--- START ---

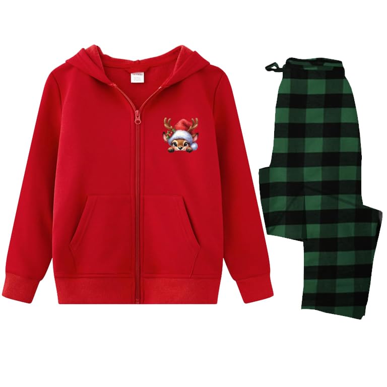 Generic - طقم بيجامة للكريسماس مكون من جاكيت بلون أحمر بغطاء للرأس مطرز بصورة غزال الرنة وبنطلون أخضر بنقشة مربعات، مقاس (لارج L)
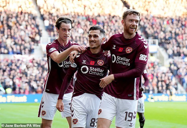 Alexandros Kyziridis celebra con sus compañeros después de que el Hearts tomara la delantera ante el United
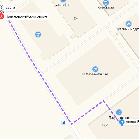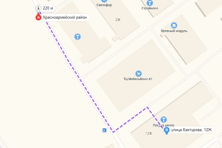 До остановки «Строймолл» на маршрутном такси №43Б, далее пешком 2 мин.
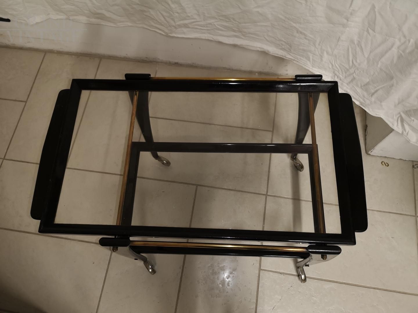 Food trolley in black lacquered wood, glass and brass, 1950s, design by Ico Parisi.
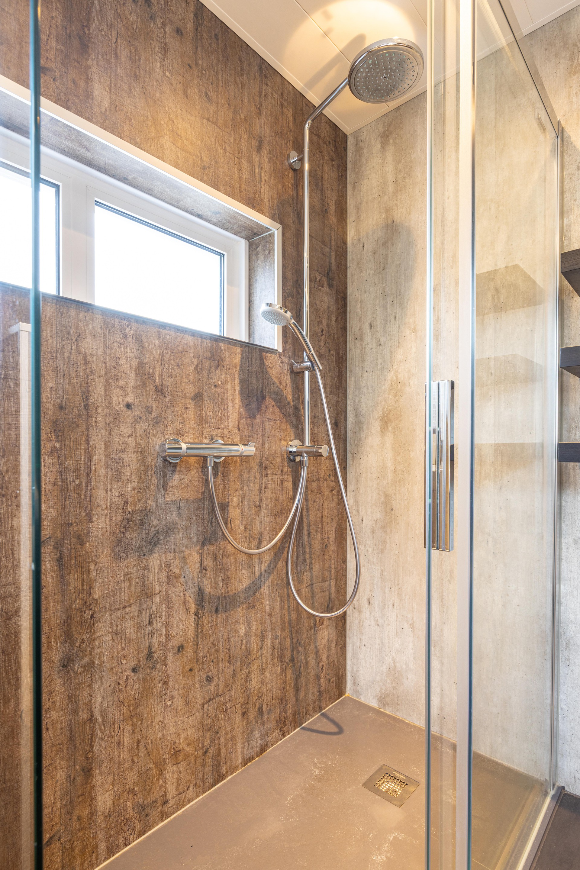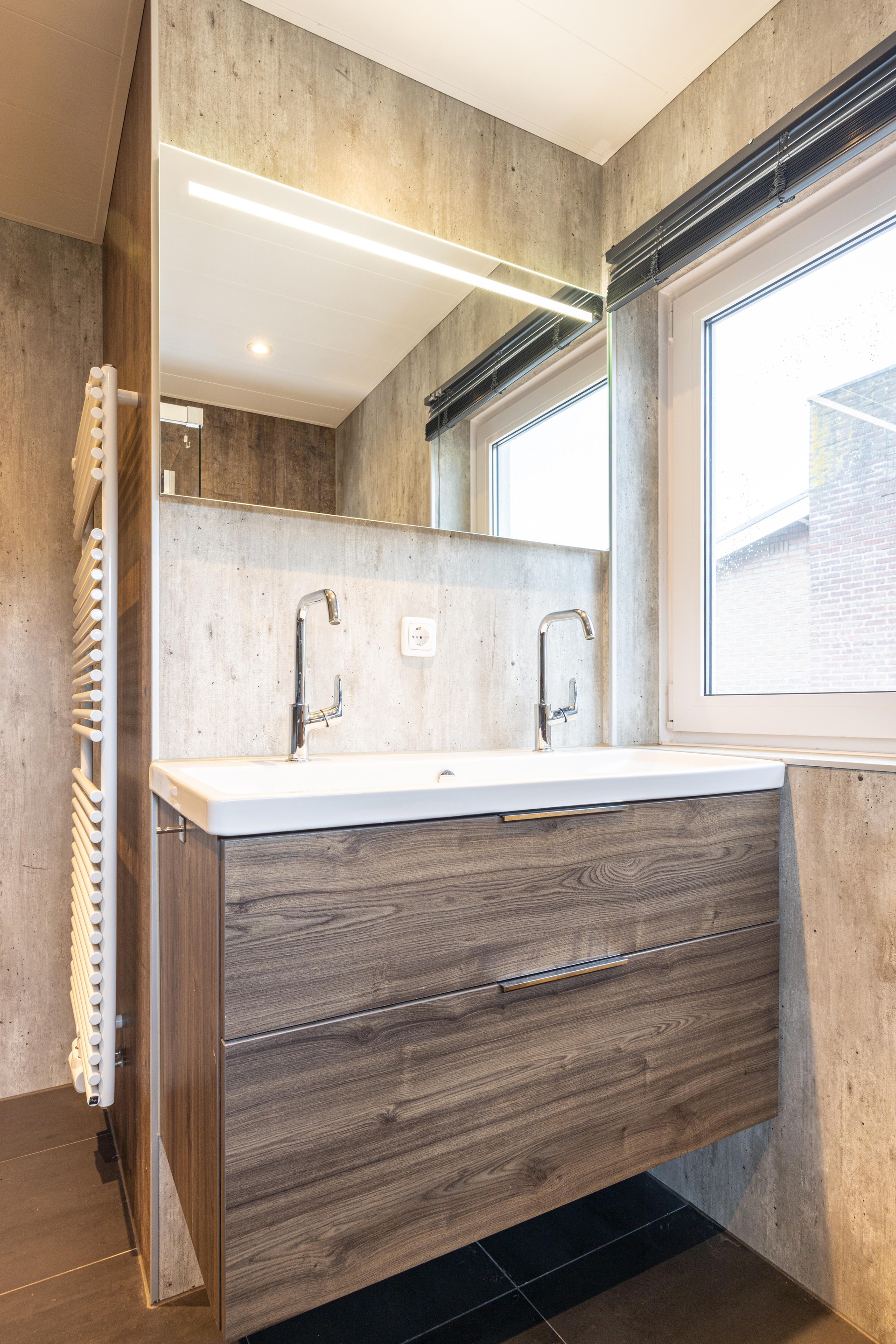 De badkamer is gerenoveerd in 2022 en is verrassend ruim en netjes afgewerkt. Er is een grote inloopdouche, een dubbele wastafel met spiegel, een zwevend toilet en een designradiator. Alles bij elkaar een fijne ruimte om de dag te beginnen of juist af te sluiten.

--- END ---

ASSIGNMENT> Could the lines from the first entry through the line that contains "пешком 2 мин." be copied exactly, with all pictures left out?

YOUR RESPONSE>
 Generic - طقم بيجامة للكريسماس مكون من جاكيت بلون أحمر بغطاء للرأس مطرز بصورة غزال الرنة وبنطلون أخضر بنقشة مربعات، مقاس (لارج L)
 Alexandros Kyziridis celebra con sus compañeros después de que el Hearts tomara la delantera ante el United
 До остановки «Строймолл» на маршрутном такси №43Б, далее пешком 2 мин.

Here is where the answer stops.